For the time being you have these workarounds:

use the UDF solution
map the 205 value to something below 127 (but above 100), e.g. 120, which will be preserved properly, e.g.:
```
fsctoc = scf.band("FSCTOC")
scf_test = 100 * (fsctoc >= 20) * (fsctoc <= 100) + 120 * (fsctoc == 205)
```

valentina.premier · 6 December 2023 17:13

Thanks a lot for your time

valentina.premier · 5 February 2024 09:55

Hi @stefaan.lippens,

sorry if I am coming back to this discussion but I have recently noted one more issue.
When applying my udf to a larger time range, I noticed that for the second time step of the Datacube there are unexpected no data values. This is the input collection:

scf = eoconn.load_collection(
    "FRACTIONAL_SNOW_COVER",
    spatial_extent  = {'west':bbox[0],
                       'east':bbox[2],
                       'south':bbox[1],
                       'north':bbox[3],
                       'crs':4326},
    temporal_extent=['2023-08-02','2023-08-15'],
    bands=["FSCTOC"]
)

Other code remains the same.
If I am not wrong, nan should be replaced with 0 according to condition2 in the udf.

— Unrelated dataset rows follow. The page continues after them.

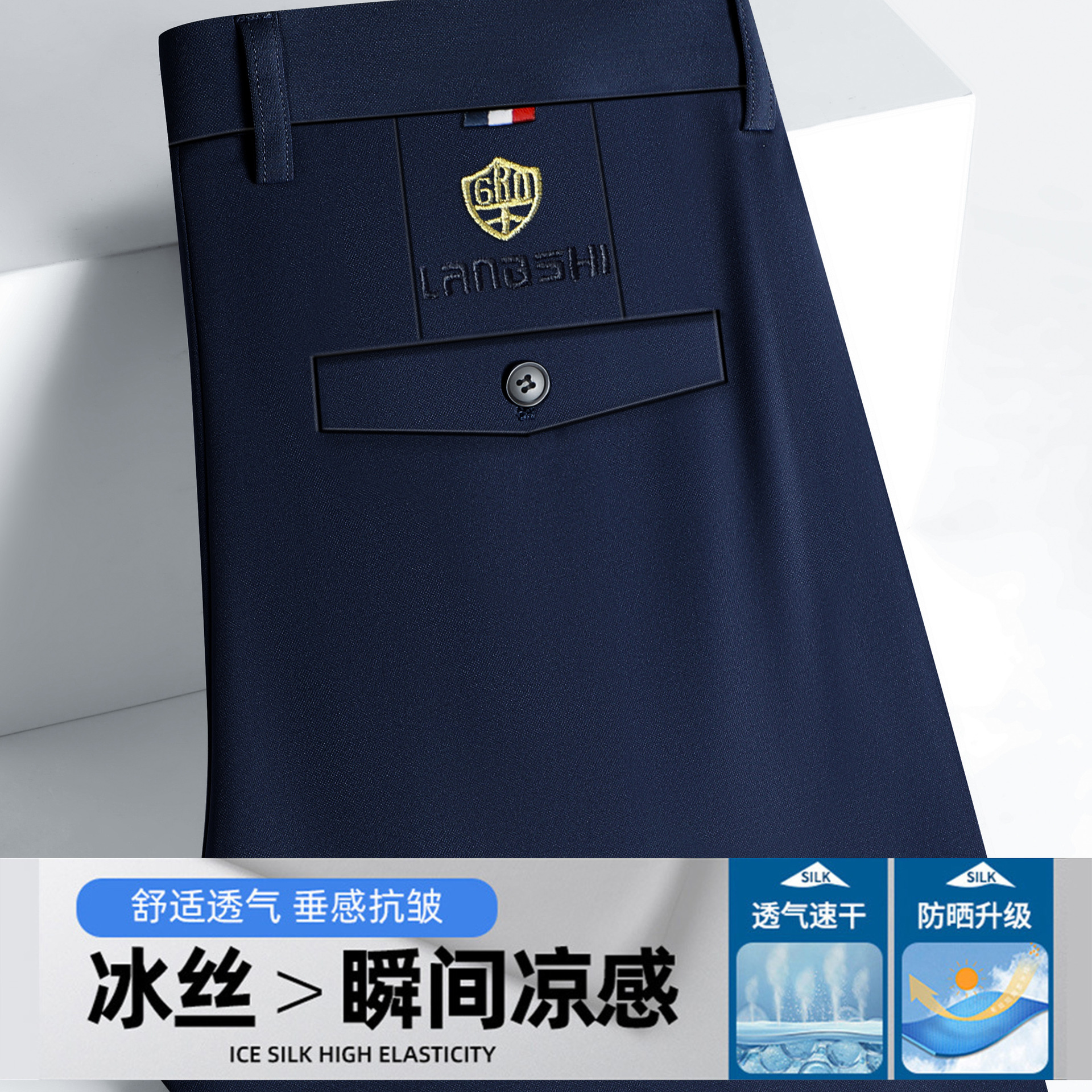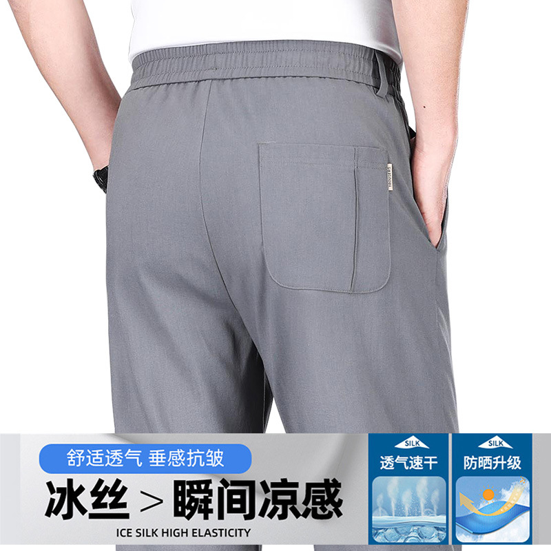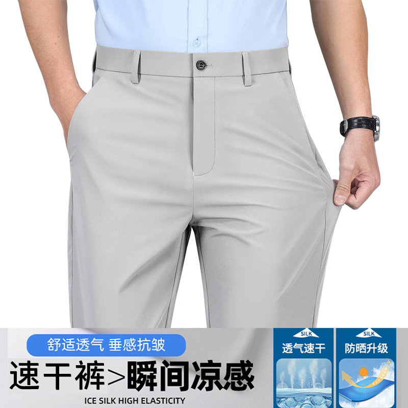 夏カジュアルパンツメンズストレート薄手ナイロン弾性ビジネスメンズパンツルーズライト高級速乾ロングパンツお父さんパンツ
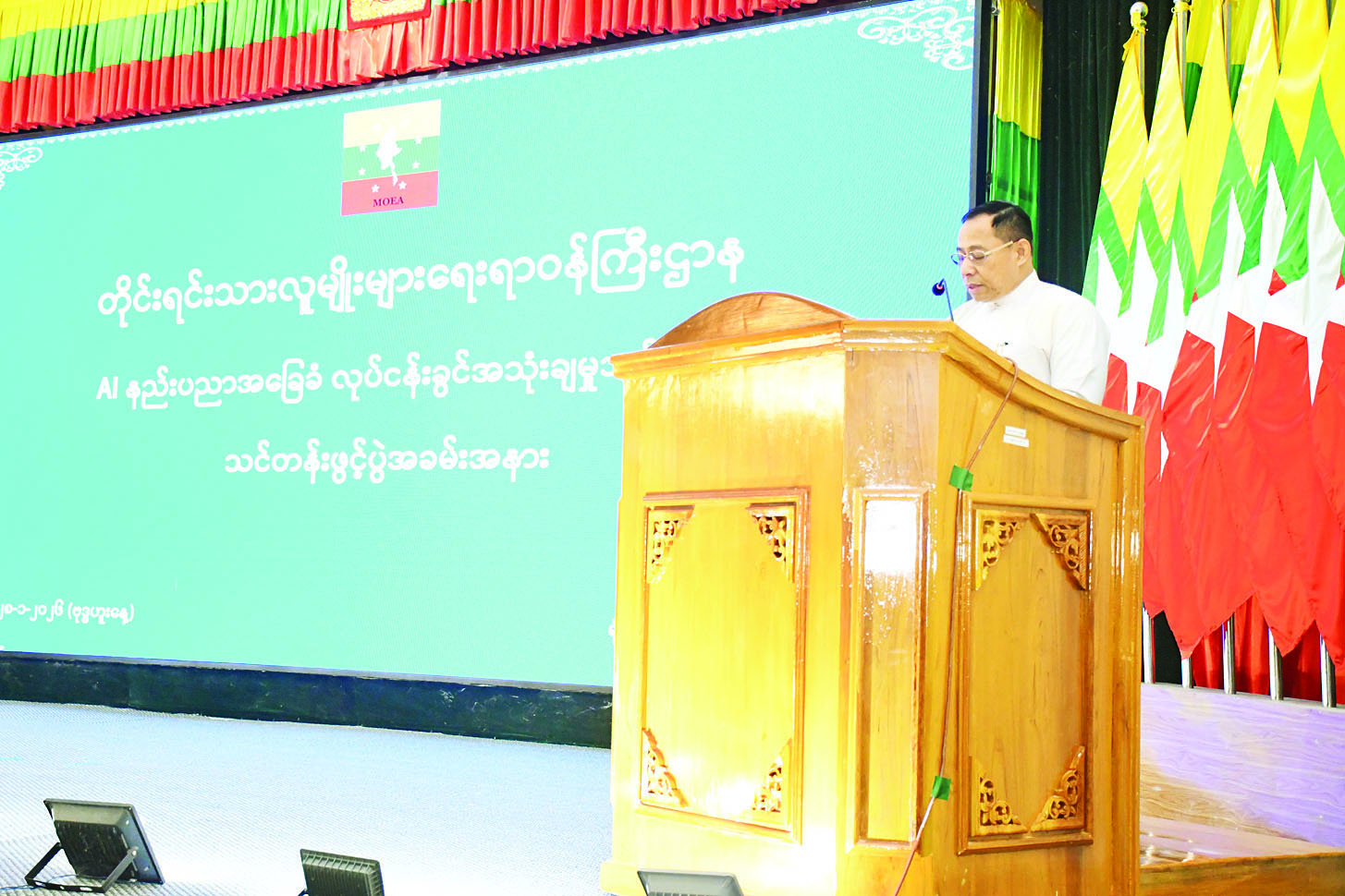 တိုင်းရင်းသားလူမျိုးများရေးရာဝန်ကြီးဌာန AI နည်းပညာ အခြေခံလုပ်ငန်းခွင်အသုံးချမှု သင်တန်းဖွင့်ပွဲကို ယနေ့နံနက်ပိုင်းတွင် တိုင်းရင်းသားလူမျိုးများရေးရာဝန်ကြီးဌာန ပြည်ထောင်စုဝန်ကြီးရုံး အစည်းအဝေးခန်းမ၌ ကျင်းပသည်။
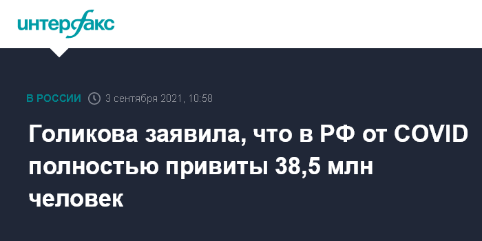"Сегодня количество вакцинированных взрослых людей в РФ - 45,4 млн человек, которые привились по одному разу, и где-то 38,5 млн - это полностью привитых", - сказала Голикова на марафоне "Новое знание" в пятницу.
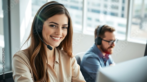 Call Center Agent in Office – Female CSR Wearing Headphones and Assisting Customers, CSR, agent in office, call center office
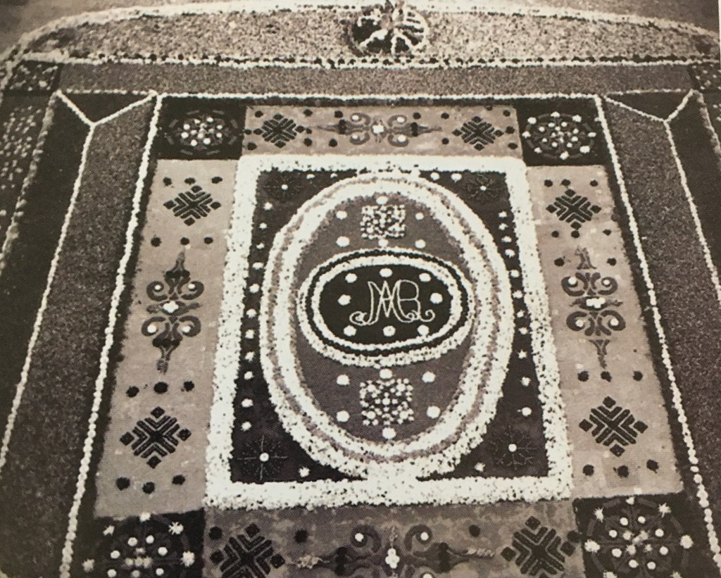 Para 1910, las alfombras se realizaban con flores que se cultivaban en los jardines, las cuales eran donadas con esta finalidad. Por estas fechas se incorpora la idea de realizar en el centro un óvalo que contuviera el monograma de María, esto en palabras de Antonio Méndez Ávila, quien menciona como su padre fue pionero en dicha idea. También era costumbre de aquellos años emplear aserrín para matizar algunos colores, así como el uso de helecho y otros tipos de vegetación como base de la alfombra.
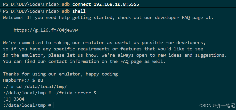 启动Frida服务:在目标Android模拟器中部署并启动frida-server,步骤同前面几章节(如图所示)。
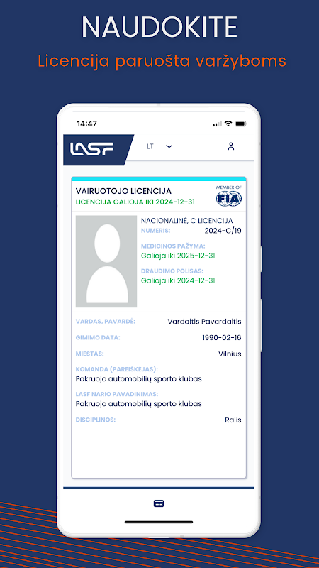 E-LASF アプリをダウンロードして接続すると、リトアニア モーター スポーツ連盟のライセンスをより便利に使用できます。 LASF ライセンスの物理カードをもう忘れることはありません。すべての LASF ライセンスは携帯電話に保存され、すぐに競技に参加できます。
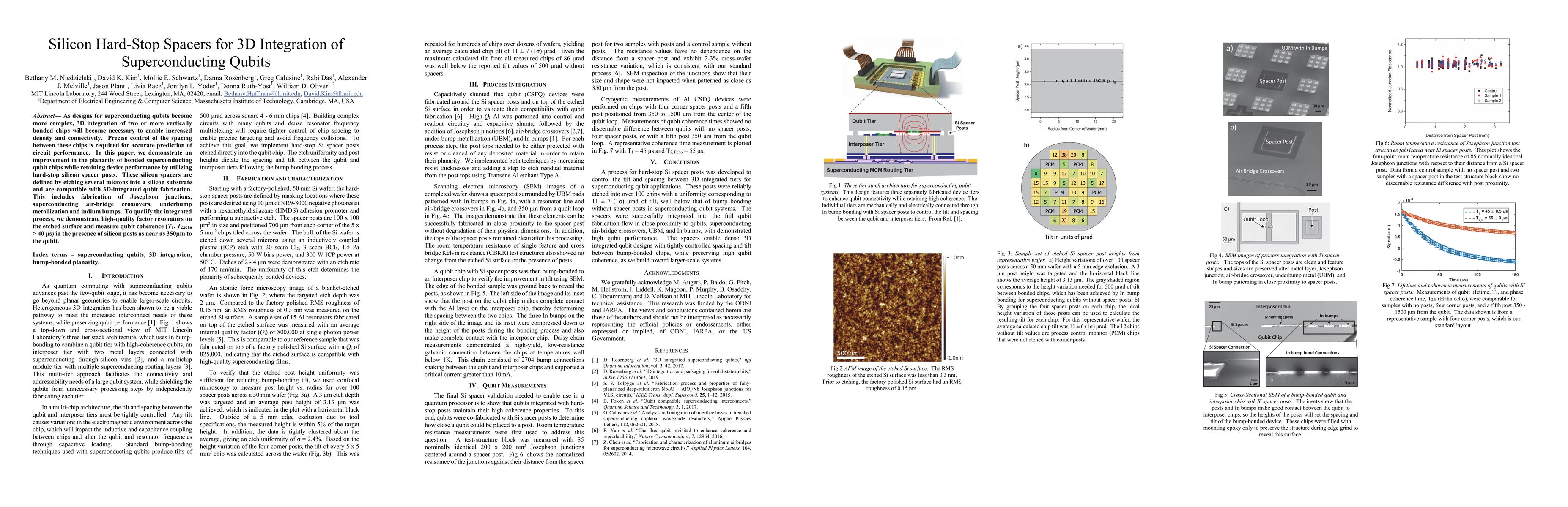 This paper presents silicon hard-stop spacers to enhance the planarity of vertically bonded superconducting qubit chips for 3D integration, maintaining device performance. The spacers enable precise chip spacing and support fabrication of complex circuits, with demonstrated high-quality resonators and qubit coherence exceeding 40 μs.
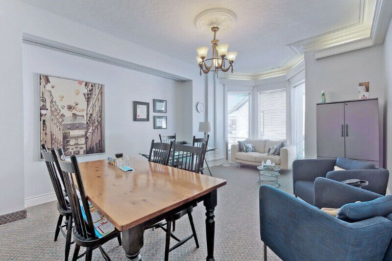 Beautiful main floor office space offers over 350sf of floor space with high elegant ceiling and ample lighting and 3 bay windows to add to the victorian ambiance. Walking distance from tribute communities centre, courthouse, city hall and under 10min to the 401 & 407. Perfect for counsellors, psychotherapists, lawyers, paralegals, mortgage brokers, and any other professional. Gross rent of $880. 00 includes all utilities, tmi, and wi-fi, business signage advertisement for free, 3 waiting areas, and common kitchen area. A must see!
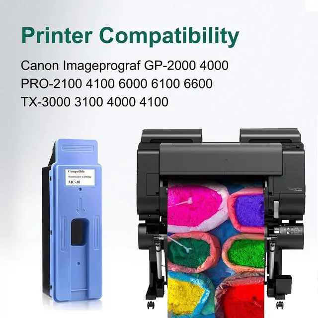 Name: Compatible MC-30 PRO 2000 Maintenance Cartridge Replacement For Canon MC-30 Maintenance Cartridge ^^ [for canon maintenance cartridge mc-30]Compatibility: Work With Canon ImagePROGRAF Pro 2000 2100 4000 4000S 4100 6000S 6100 TX-3000 TX-3100 GP-2000 GP-4000 Printers. ^^ [for canon mc-30 maintenance cartridge]Advantages: Easy Installation, Extended Printer Lifespan, MC-30 PRO 2100 Maintenance Cartridge Can Help You Maintain Good Printing Quality, And Extend The Printer'S Lifespan. ^^ [for canon mc30]MC-30 Has Been Designed And Tested To Meet The Highest Quality And Performance Standards, Saving You Expensive Repair Or Replacement Costs. ^^ [for canon mc30 maintenance cartridge]High

BTW, this is the output I get

There is a square that seems to be 256x256 large and also a strip on the lower part of the image (not clear in this picture) that are not correctly replaced with 0. Given the size of those area and given the fact that this issue doesn’t arise when running the udf locally, I suspect this is linked to the default chuck size when using apply, isn’t it? What’s the way to deal with this problem?!

Thanks a lot
Valentina

stefaan.lippens · 7 February 2024 13:51

The back-end you are using processes the whole requested extent in smaller chunks (e.g. tiles of 256x256 size) to make the processing scalable. In this case, it might be that that particular tile is missing in the source data, or the backend detected that all pixels are no-data at load time and decided to skip it for performance reasons. As a result your UDF is never applied to that region. When stitching the data back together in a single, the missing region is filled in with no-data values like you see in your result if I understand correctly.

I don’t think there is currently a workaround for this problem.
However I vaguely remember discussions about specifying a custom fill-value for no-data pixels in the save_result process to be used when stitching a sparse cube to a single file. Maybe @jeroen.dries knows more

jeroen.dries · 7 February 2024 15:06

I think I can mostly confirm the analysis, but we don’t have something to customize the nodata value in the output.
To make it more consistent, I would recommend that the UDF does not do conversion to int16, and leaves the datatype in floating point, so using nan for nodata.
Then, after the UDF, add a ‘linear_scale_range’ process, with an output range and input range that are the same, and that fit into the int16 range. This should result in an int16 output file, with at least a consistent nodata value.